Myotubes (200–400 pF) were injected with an INJECT + MATIC microinjector system (INJECT + MATIC, Geneva). The solution of the injection pipette contained (in mM) antisense oligonucleotides 0.4, KCl 135, NaCl 5, MgCl2 1, Hepes 5, BAPTA 0.05, glucose 5 (pH 7.3). To identify the injected myotubes 48 h after the injections, the pipette solution contained 2.5 μg/ml neutral dextran rhodamine B, 70 kDa (Molecular Probes).

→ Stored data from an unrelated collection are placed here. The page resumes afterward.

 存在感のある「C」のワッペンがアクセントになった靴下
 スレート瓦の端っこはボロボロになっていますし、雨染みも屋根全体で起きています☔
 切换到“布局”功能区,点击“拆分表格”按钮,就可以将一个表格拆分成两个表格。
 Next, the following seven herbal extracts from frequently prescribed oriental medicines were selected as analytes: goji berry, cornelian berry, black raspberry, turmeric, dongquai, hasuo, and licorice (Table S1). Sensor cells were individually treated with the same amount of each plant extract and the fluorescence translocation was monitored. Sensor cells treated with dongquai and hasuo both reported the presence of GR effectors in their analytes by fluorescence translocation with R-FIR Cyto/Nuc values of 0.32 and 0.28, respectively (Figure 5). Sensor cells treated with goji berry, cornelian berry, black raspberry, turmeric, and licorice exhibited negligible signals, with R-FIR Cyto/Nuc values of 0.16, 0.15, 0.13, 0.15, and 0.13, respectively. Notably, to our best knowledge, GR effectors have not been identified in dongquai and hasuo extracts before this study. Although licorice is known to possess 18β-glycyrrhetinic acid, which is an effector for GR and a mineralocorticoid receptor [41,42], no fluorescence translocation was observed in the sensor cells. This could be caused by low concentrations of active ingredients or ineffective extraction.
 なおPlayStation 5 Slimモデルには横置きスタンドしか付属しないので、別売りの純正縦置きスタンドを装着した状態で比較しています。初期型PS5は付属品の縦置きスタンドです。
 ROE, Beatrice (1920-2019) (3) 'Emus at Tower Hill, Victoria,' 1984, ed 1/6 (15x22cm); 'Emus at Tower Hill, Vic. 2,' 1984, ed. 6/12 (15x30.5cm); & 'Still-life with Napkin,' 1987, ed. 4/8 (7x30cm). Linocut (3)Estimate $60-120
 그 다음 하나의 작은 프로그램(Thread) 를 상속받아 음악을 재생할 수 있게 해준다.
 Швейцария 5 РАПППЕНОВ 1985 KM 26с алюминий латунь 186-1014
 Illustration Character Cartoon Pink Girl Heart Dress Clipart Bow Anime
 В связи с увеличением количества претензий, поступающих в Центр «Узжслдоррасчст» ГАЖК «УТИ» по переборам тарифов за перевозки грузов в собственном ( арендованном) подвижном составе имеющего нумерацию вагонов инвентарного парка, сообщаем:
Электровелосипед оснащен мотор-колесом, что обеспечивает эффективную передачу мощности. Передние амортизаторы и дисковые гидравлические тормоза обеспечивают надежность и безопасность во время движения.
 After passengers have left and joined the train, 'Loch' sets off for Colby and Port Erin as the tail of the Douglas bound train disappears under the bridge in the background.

Intracellular Free Ca2+ ([Ca2+]i) Measurements.
(i) Evaluation of resting [Ca2+]i using fura-2-AM (Fig.
1).
Myoblasts were cultured for 3–4 days at low density in proliferation or differentiation medium, with or without drugs. On the day of the experiment, myoblasts were preincubated in differentiation medium containing 4 μM fura-2-AM. Free [Ca2+]i was evaluated as in ref. 12. Calibration was achieved by using the equation: [Ca2+] = Kd ⋅ (F380min/F380max) ⋅ [(R − Rmin)/(Rmax − R)], where Kd was 225 nM, R is the ratio of the two fluorescence intensities (340 nm/380 nm excitation light), Rmin was measured in a solution containing no Ca2+ (10 mM BAPTA), Rmax was measured in a solution containing 1.8 mM Ca2+, and F380min and F380max were the fluorescence intensities of all wavelengths longer than 520 nm of the calibration solutions containing no Ca2+ or 1.8 mM Ca2+, respectively (excitation at 380 nm). The calibration parameters (Rmin, Rmax, F380min, F380max) were measured before each experiment.
(ii) Evaluation of [Ca2+]i increase using indo-1 (Fig.
6).
Free [Ca2+]i and simultaneous whole-cell voltage-clamp measurements were performed on small myotubes (100–230 pF; 7–10 days in differentiation medium). Pipette and bath solutions were as described above, except that, in the pipette solution, the BAPTA was replaced by 100 μM indo-1. Emitted fluorescence was recorded at 405 and 485 nm (excitation 334 nm) with two Nikon P100 photometers. The use of 8 standard solutions (between 12 and 1,000 nM free Ca2+) allowed a direct evaluation of [Kd ⋅ (F485min/F485max)], which was 1033 ± 189 nM. Mean Rmin and Rmax were 0.039 ± 0.004 and 0.49 ± 0.04 (n = 5), respectively.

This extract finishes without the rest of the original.